To do
Write out all of the records below precisely as given, omitting the images.

──────────

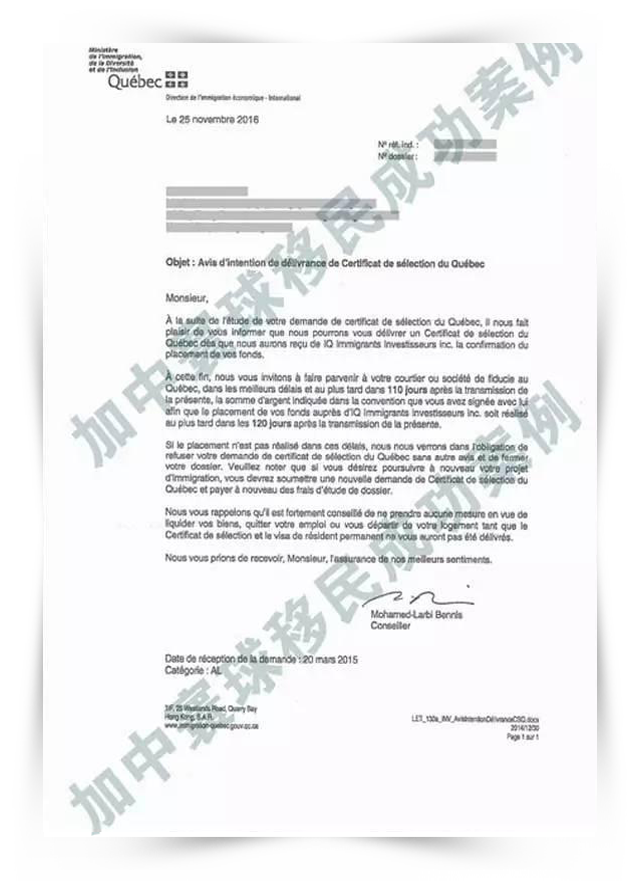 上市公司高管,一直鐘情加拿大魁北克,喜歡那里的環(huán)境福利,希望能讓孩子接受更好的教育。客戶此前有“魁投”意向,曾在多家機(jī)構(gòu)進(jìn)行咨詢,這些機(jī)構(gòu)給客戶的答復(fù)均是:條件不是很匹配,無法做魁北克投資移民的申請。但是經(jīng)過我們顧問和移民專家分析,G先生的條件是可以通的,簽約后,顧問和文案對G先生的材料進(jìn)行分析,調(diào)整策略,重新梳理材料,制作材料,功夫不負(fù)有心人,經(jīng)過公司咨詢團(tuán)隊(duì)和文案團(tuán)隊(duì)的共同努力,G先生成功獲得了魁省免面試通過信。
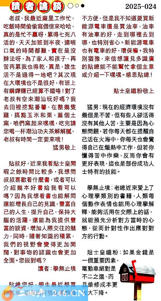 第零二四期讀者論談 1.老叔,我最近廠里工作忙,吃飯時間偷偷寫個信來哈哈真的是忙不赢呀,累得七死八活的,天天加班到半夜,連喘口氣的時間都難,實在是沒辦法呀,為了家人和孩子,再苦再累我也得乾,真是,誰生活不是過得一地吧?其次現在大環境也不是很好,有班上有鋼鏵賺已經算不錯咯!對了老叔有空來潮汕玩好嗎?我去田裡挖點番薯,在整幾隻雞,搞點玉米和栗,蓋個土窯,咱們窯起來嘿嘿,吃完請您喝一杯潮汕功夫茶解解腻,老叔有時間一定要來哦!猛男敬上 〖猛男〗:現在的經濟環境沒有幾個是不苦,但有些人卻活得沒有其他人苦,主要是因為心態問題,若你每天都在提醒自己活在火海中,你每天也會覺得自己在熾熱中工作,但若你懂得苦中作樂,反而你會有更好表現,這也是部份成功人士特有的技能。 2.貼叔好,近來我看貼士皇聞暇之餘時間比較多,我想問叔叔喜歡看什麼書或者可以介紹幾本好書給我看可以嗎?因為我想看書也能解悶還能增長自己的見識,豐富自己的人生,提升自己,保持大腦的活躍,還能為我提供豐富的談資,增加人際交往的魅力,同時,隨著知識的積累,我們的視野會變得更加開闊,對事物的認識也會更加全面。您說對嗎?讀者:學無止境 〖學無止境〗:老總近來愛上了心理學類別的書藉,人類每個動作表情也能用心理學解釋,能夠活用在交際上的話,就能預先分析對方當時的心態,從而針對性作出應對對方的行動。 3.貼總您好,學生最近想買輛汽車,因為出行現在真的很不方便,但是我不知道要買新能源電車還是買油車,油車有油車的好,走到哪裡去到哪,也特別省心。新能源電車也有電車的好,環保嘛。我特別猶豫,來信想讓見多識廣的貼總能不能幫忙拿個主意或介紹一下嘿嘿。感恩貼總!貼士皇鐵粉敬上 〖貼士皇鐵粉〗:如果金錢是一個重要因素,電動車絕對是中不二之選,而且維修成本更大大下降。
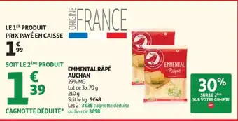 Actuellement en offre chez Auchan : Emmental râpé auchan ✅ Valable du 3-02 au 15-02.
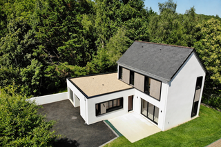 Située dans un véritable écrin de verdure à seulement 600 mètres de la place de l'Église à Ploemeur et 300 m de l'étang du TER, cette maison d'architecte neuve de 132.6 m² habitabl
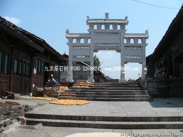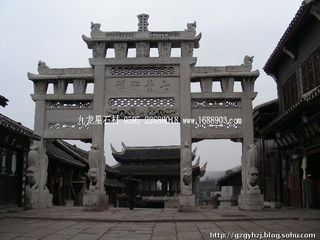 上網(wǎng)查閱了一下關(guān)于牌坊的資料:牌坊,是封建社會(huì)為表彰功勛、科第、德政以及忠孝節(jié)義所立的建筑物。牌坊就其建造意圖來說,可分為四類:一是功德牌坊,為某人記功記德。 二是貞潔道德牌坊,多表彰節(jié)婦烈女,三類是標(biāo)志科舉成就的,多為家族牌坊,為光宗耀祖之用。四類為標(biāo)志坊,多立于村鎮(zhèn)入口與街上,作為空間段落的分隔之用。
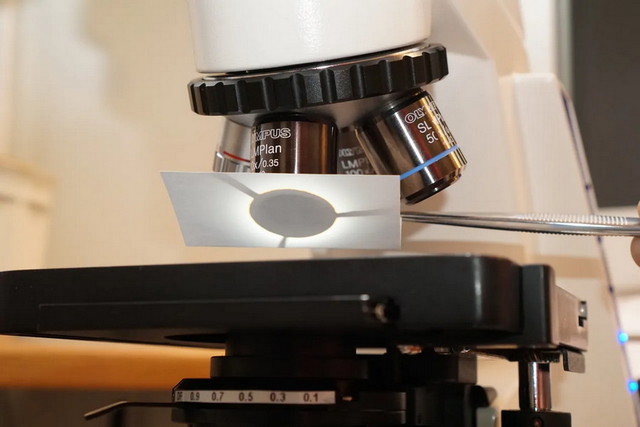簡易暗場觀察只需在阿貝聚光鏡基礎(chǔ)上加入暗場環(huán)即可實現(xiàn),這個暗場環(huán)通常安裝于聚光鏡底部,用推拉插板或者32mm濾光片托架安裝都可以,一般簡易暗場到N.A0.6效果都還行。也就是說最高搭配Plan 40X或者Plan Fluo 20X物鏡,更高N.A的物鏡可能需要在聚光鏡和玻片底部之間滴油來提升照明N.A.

──────────

Result below
 上市公司高管,一直鐘情加拿大魁北克,喜歡那里的環(huán)境福利,希望能讓孩子接受更好的教育。客戶此前有“魁投”意向,曾在多家機(jī)構(gòu)進(jìn)行咨詢,這些機(jī)構(gòu)給客戶的答復(fù)均是:條件不是很匹配,無法做魁北克投資移民的申請。但是經(jīng)過我們顧問和移民專家分析,G先生的條件是可以通的,簽約后,顧問和文案對G先生的材料進(jìn)行分析,調(diào)整策略,重新梳理材料,制作材料,功夫不負(fù)有心人,經(jīng)過公司咨詢團(tuán)隊(duì)和文案團(tuán)隊(duì)的共同努力,G先生成功獲得了魁省免面試通過信。
 第零二四期讀者論談 1.老叔,我最近廠里工作忙,吃飯時間偷偷寫個信來哈哈真的是忙不赢呀,累得七死八活的,天天加班到半夜,連喘口氣的時間都難,實在是沒辦法呀,為了家人和孩子,再苦再累我也得乾,真是,誰生活不是過得一地吧?其次現在大環境也不是很好,有班上有鋼鏵賺已經算不錯咯!對了老叔有空來潮汕玩好嗎?我去田裡挖點番薯,在整幾隻雞,搞點玉米和栗,蓋個土窯,咱們窯起來嘿嘿,吃完請您喝一杯潮汕功夫茶解解腻,老叔有時間一定要來哦!猛男敬上 〖猛男〗:現在的經濟環境沒有幾個是不苦,但有些人卻活得沒有其他人苦,主要是因為心態問題,若你每天都在提醒自己活在火海中,你每天也會覺得自己在熾熱中工作,但若你懂得苦中作樂,反而你會有更好表現,這也是部份成功人士特有的技能。 2.貼叔好,近來我看貼士皇聞暇之餘時間比較多,我想問叔叔喜歡看什麼書或者可以介紹幾本好書給我看可以嗎?因為我想看書也能解悶還能增長自己的見識,豐富自己的人生,提升自己,保持大腦的活躍,還能為我提供豐富的談資,增加人際交往的魅力,同時,隨著知識的積累,我們的視野會變得更加開闊,對事物的認識也會更加全面。您說對嗎?讀者:學無止境 〖學無止境〗:老總近來愛上了心理學類別的書藉,人類每個動作表情也能用心理學解釋,能夠活用在交際上的話,就能預先分析對方當時的心態,從而針對性作出應對對方的行動。 3.貼總您好,學生最近想買輛汽車,因為出行現在真的很不方便,但是我不知道要買新能源電車還是買油車,油車有油車的好,走到哪裡去到哪,也特別省心。新能源電車也有電車的好,環保嘛。我特別猶豫,來信想讓見多識廣的貼總能不能幫忙拿個主意或介紹一下嘿嘿。感恩貼總!貼士皇鐵粉敬上 〖貼士皇鐵粉〗:如果金錢是一個重要因素,電動車絕對是中不二之選,而且維修成本更大大下降。
 Actuellement en offre chez Auchan : Emmental râpé auchan ✅ Valable du 3-02 au 15-02.
 Située dans un véritable écrin de verdure à seulement 600 mètres de la place de l'Église à Ploemeur et 300 m de l'étang du TER, cette maison d'architecte neuve de 132.6 m² habitabl
 上網(wǎng)查閱了一下關(guān)于牌坊的資料:牌坊,是封建社會(huì)為表彰功勛、科第、德政以及忠孝節(jié)義所立的建筑物。牌坊就其建造意圖來說,可分為四類:一是功德牌坊,為某人記功記德。 二是貞潔道德牌坊,多表彰節(jié)婦烈女,三類是標(biāo)志科舉成就的,多為家族牌坊,為光宗耀祖之用。四類為標(biāo)志坊,多立于村鎮(zhèn)入口與街上,作為空間段落的分隔之用。
簡易暗場觀察只需在阿貝聚光鏡基礎(chǔ)上加入暗場環(huán)即可實現(xiàn),這個暗場環(huán)通常安裝于聚光鏡底部,用推拉插板或者32mm濾光片托架安裝都可以,一般簡易暗場到N.A0.6效果都還行。也就是說最高搭配Plan 40X或者Plan Fluo 20X物鏡,更高N.A的物鏡可能需要在聚光鏡和玻片底部之間滴油來提升照明N.A.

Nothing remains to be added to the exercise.